* BRIEF *
The copy you return should hold only the lines from the top of the data below through the line with "Wilfred Aritzia Melina", each duplicated exactly and with no pictures.

[Entries taken from a collection]
• • • • •

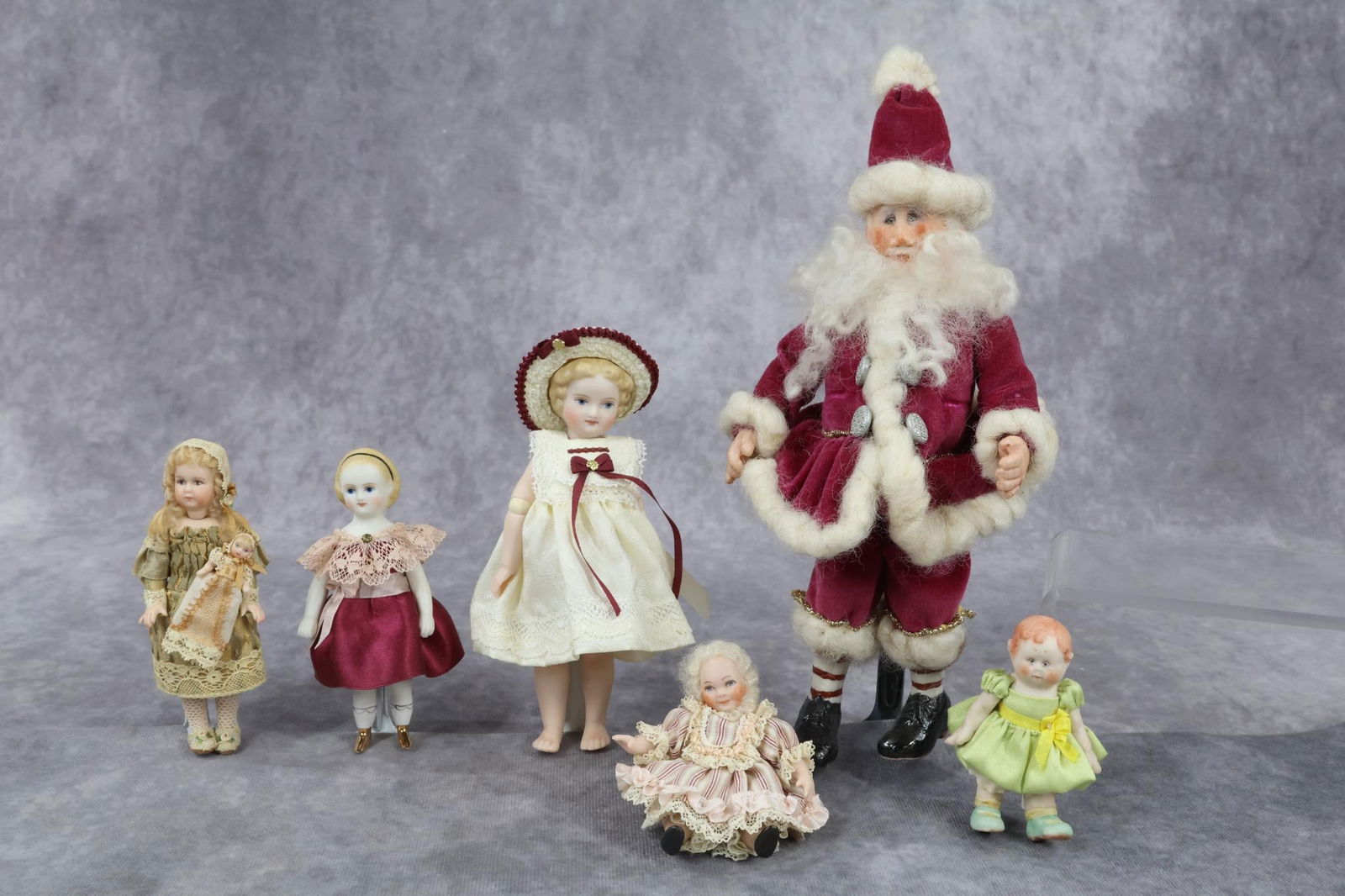Sold302. FIVE SMALL BISQUE DOLLS & BISQUE ARTIST’S DOLL302. FIVE SMALL BISQUE DOLLS & BISQUE ARTIST’S DOLL "LORI". Two bisque dolls with molded bonnets, original cloth bodies; three small all-bisque dolls, 3 ¾" to 5". 15" bisque socket head doll "Lori"See Sold Price
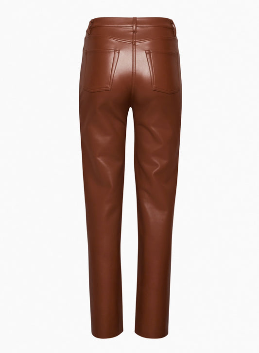 Wilfred Aritzia Melina Vegan Faux Leather Cognac Straight Leg Pants Women SIZE 2
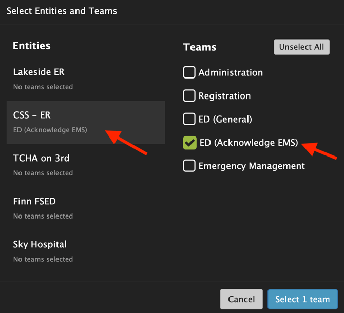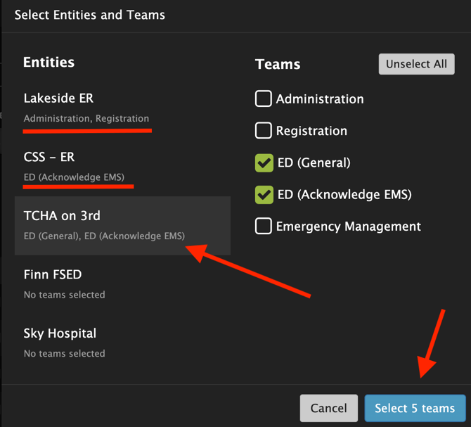 Note: Multiple entities and multiple teams can be selected. To view more than the entities that are displayed, scroll down the list of displayed entities.
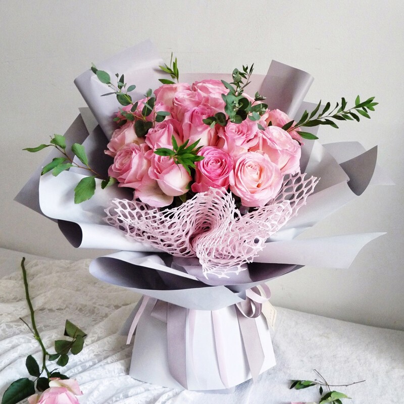 花材: 19朵精品粉玫瑰,搭配尤加利叶,绿叶装饰。
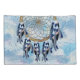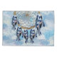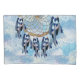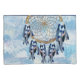 Um apanhador de sonhos que inclui o círculo redondo de bambu e miçangas vermelhas na teia com penas exóticas de pássaros-papagaios azuis em um fundo de pena de blues macio
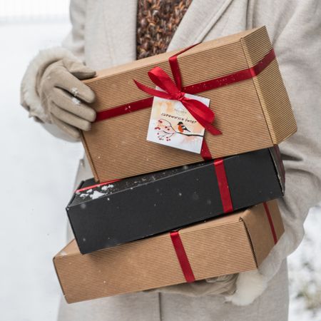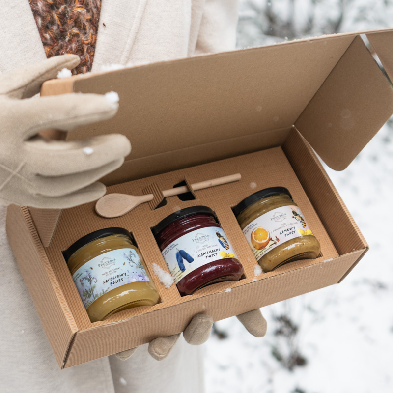 Zestaw trzech miodów z naszej pasieki zapakowany w eleganckie pudełko z tektury falistej.
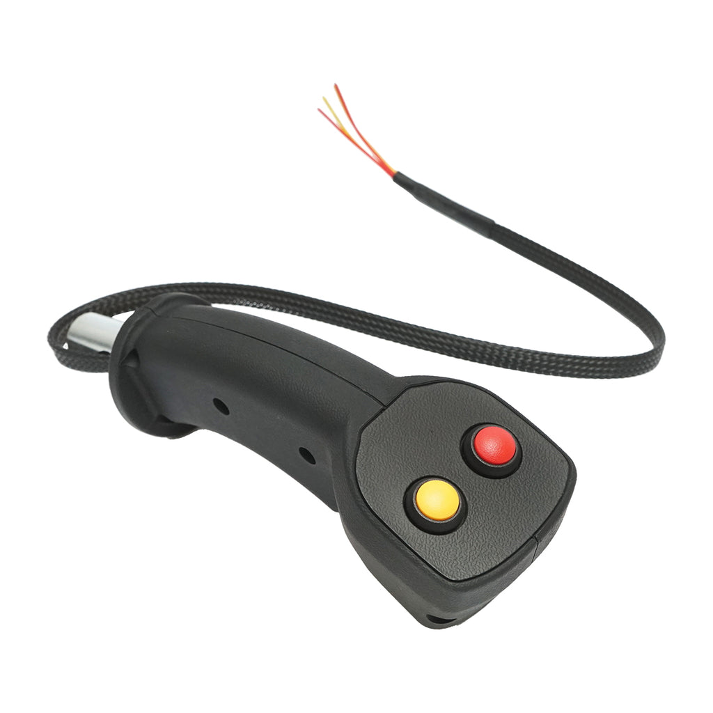 ELEKTROMOS JOYSTICK, 2 GOMBOS, L-DK-02 elektromos vezérlőkar, amely két beépített nyomógombbal rendelkezik. Ipari és mezőgazdasági gépek vezérlésére használható, többirányú mozgatást és két külön funkció vezérlését teszi lehetővé. A kivitel kompatibilis különféle vezérlőrendszerekkel.
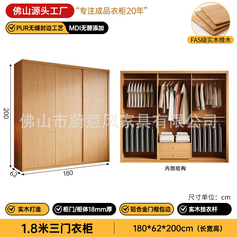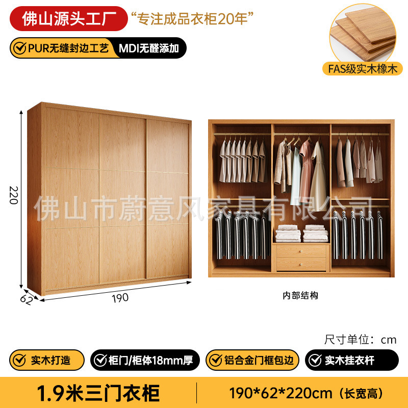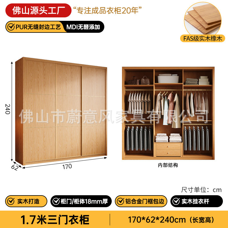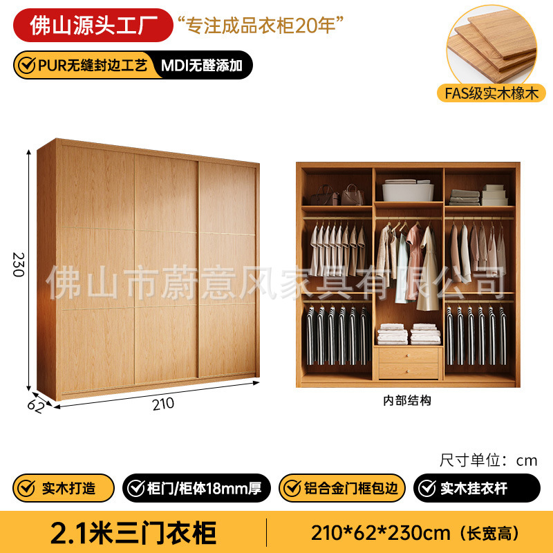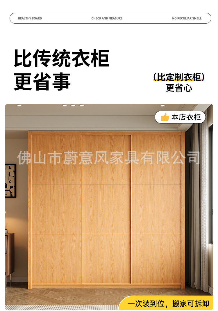 가정용 침실을 위한 오크 푸시 도어 옷장 작은 슬라이딩 도어 캐비닛 현대적인 미니멀리스트 스타일 슬라이딩 도어 완성 옷장
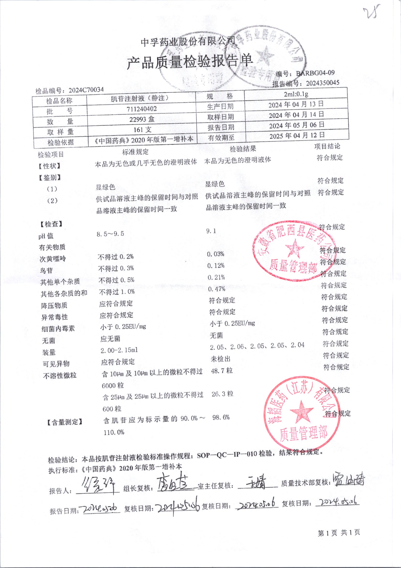 名稱 規(guī)格 批號(hào) 藥檢報(bào)告
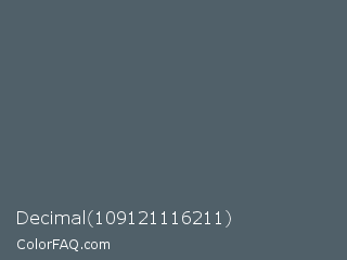 Decimal 109121116211 Color is a normal blue color and the nearest color is Stormcloud #4f666a. Hex code #506069 and RGB value is rgb(80,96,105). In RGB color space, this color is composed of 31% red, 38% green, 41% blue, In CMYK color space, this color is composed of 24% cyan, 9% magenta, 0% yellow , 59% black , In HSL color space, this color has a hue angle of 202° , 14% saturation and 36% lightness.
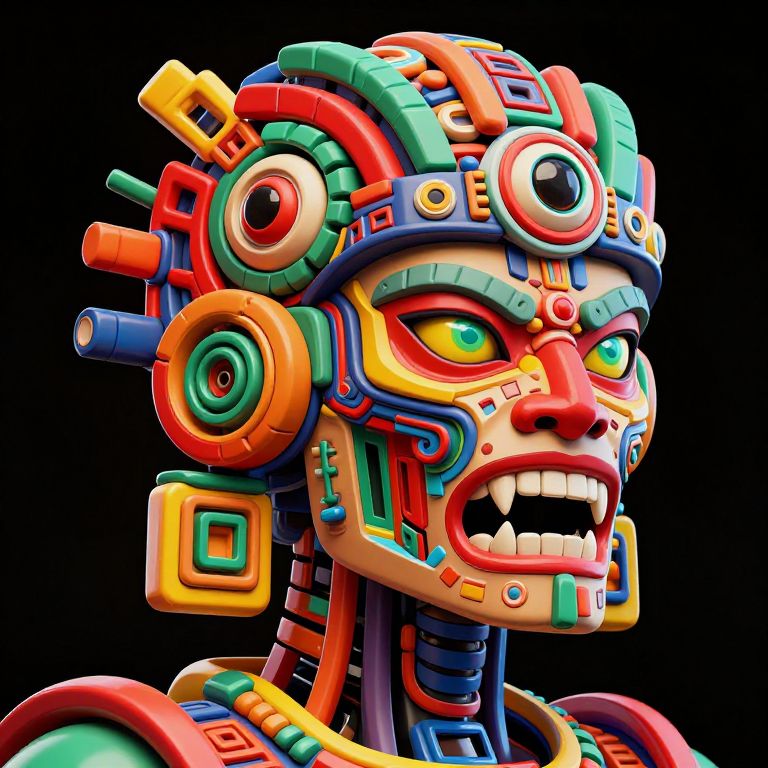 The image is a highly detailed 3D illustration of a cybernetic Mayan robot personified as a cross-section interior view of a visual cortex on DMT. The character exhibits a surreal, multi-dimensional appearance, reminiscent of the works of artists like Mark Ryden, Alex Grey, and Kenny Scharf. The character's face is sharp and menacing, with intense, multi-colored eyes that appear to be glowing. The mouth is wide open, revealing sharp, jagged teeth, and the nose is a prominent red feature. The character is adorned with intricate, geometric patterns and shapes, including a large, circular eye in the center of the head, surrounded by a series of smaller, circular elements. The overall color palette is vibrant and intense, with a mix of red, yellow, green, and blue hues. The character's body is composed of clean, geometric shapes, and the overall composition is dynamic and complex, with various elements interacting and overlapping in a visually striking manner. The image is a striking representation of a fusion of cybernetic and Mayan influences, with a strong emphasis on surrealism and intense visual impact.

• • • • •

* ANSWER TO THIS TASK *
Sold302. FIVE SMALL BISQUE DOLLS & BISQUE ARTIST’S DOLL302. FIVE SMALL BISQUE DOLLS & BISQUE ARTIST’S DOLL "LORI". Two bisque dolls with molded bonnets, original cloth bodies; three small all-bisque dolls, 3 ¾" to 5". 15" bisque socket head doll "Lori"See Sold Price
 Wilfred Aritzia Melina Vegan Faux Leather Cognac Straight Leg Pants Women SIZE 2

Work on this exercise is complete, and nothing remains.